This paper investigates the realizability problem for Distance Counting Matrices (DCMs) of graphs—integer matrices whose $(i,j)$-entry counts the number of node pairs at graph distance $d$. The authors establish, for the first time, that deciding whether a given integer matrix is the DCM of some undirected simple graph is strongly NP-complete. This result is rigorously proven via a polynomial-time reduction from the 3-Partition problem. The strong NP-completeness implies that no polynomial-time algorithm exists unless P = NP, thereby establishing a fundamental theoretical barrier for axiomatizing geometric centrality measures—particularly in constructing counterexamples. Moreover, it indicates that synthesizing graphs with prescribed distance distributions necessitates intelligent approaches beyond brute-force enumeration, such as heuristic search or constrained optimization.

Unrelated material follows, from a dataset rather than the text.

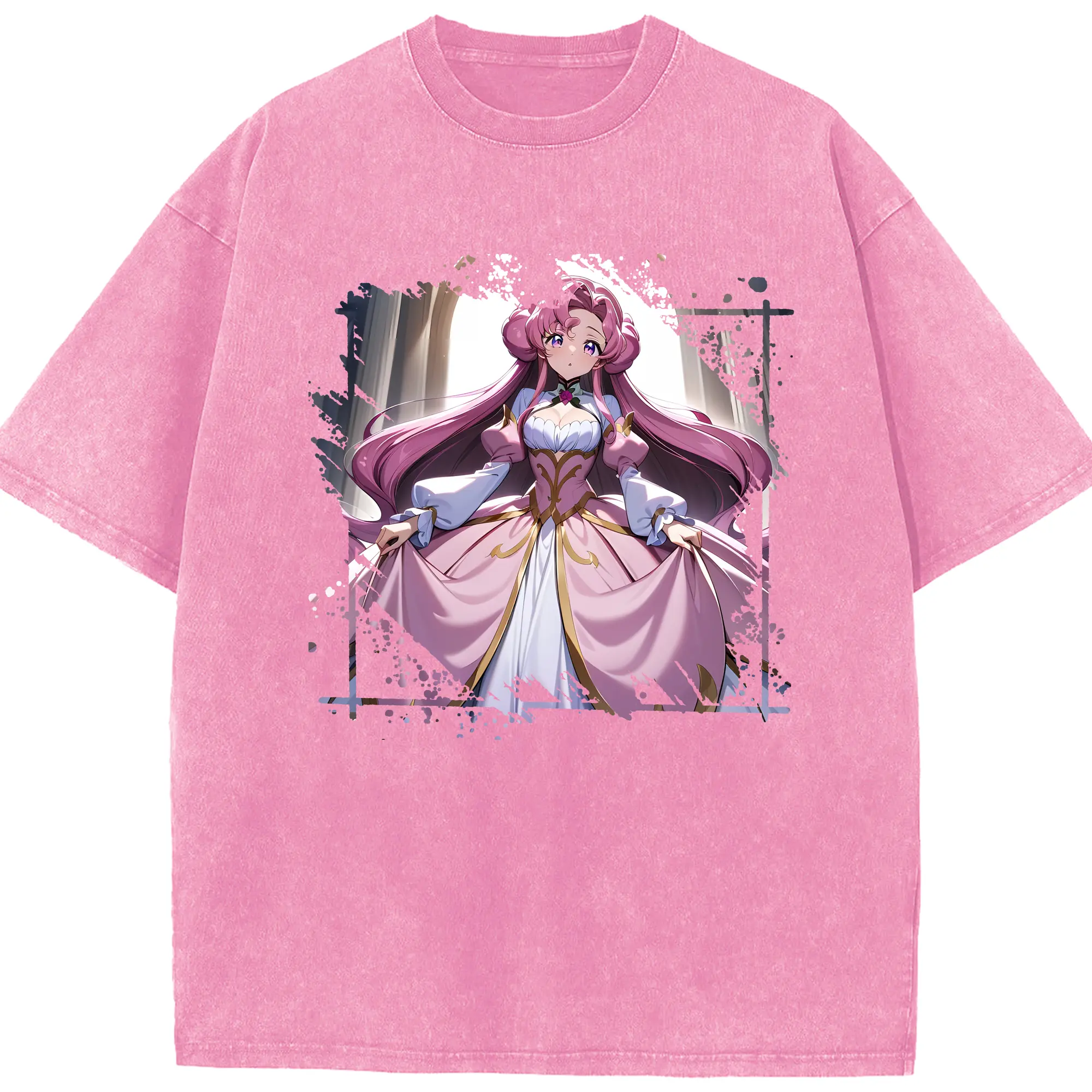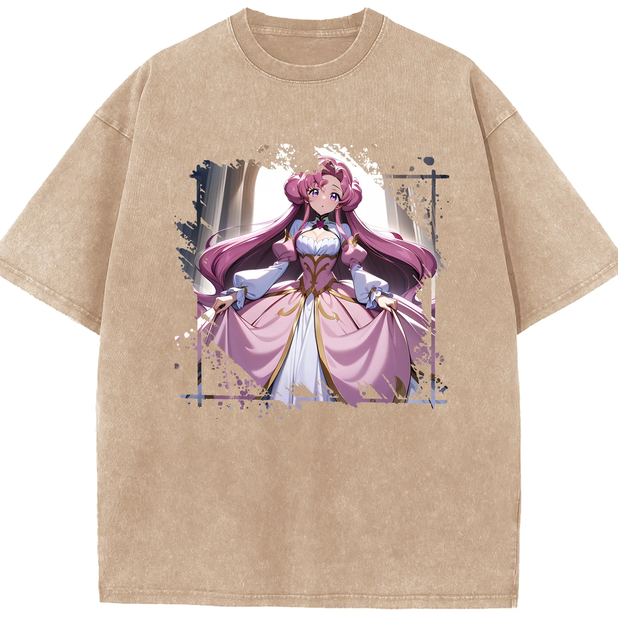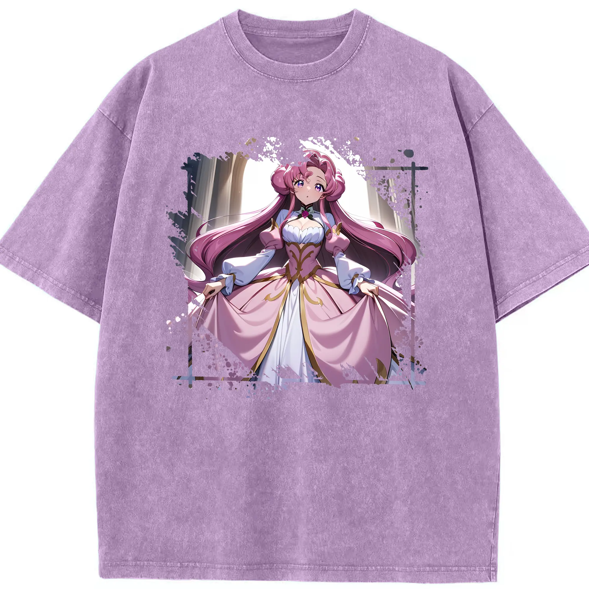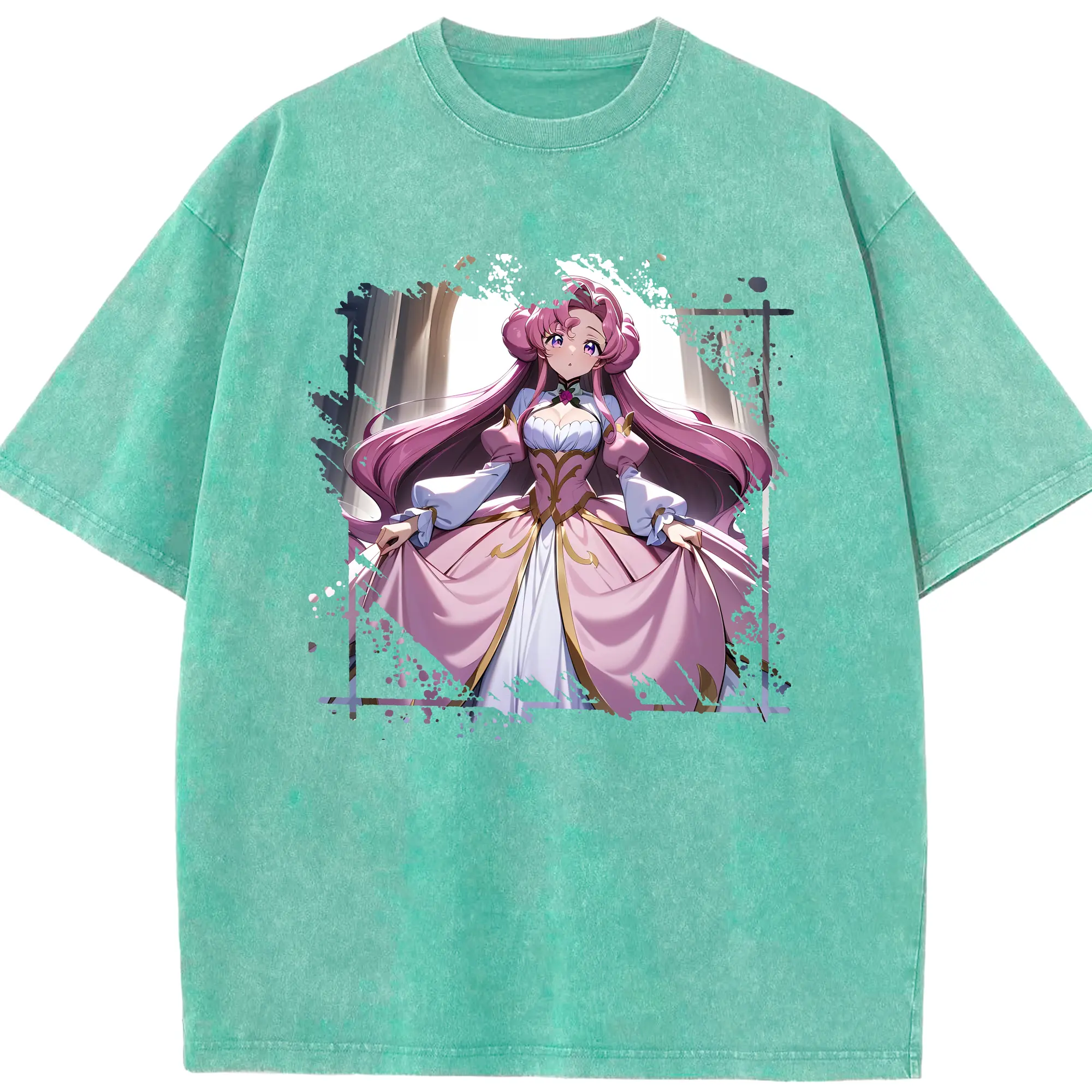 コードギアス 反逆のルルーシュ グッズ ユーフェミア・リ・ブリタニア - 綿100% ヴィンテージ風 半袖Tシャツ ・ 背面プリント ・ 柔らか肌触り ・ 通気性 快適 ・ スポーツ カジュアル 外出用

Axiomatization of centrality measures often involves proving that something cannot hold by providing a counterexample (i.e., a graph for which that specific centrality index fails to have a given property). In the context of geometric centralities, building such counterexamples requires constructing a graph with specific distance counts between nodes, as expressed by its distance-count matrix. We prove that deciding whether a matrix is the distance-count matrix of a graph is strongly NP-complete. This negative result implies that a brute-force approach to building this kind of counterexample is out of question, and cleverer approaches are required.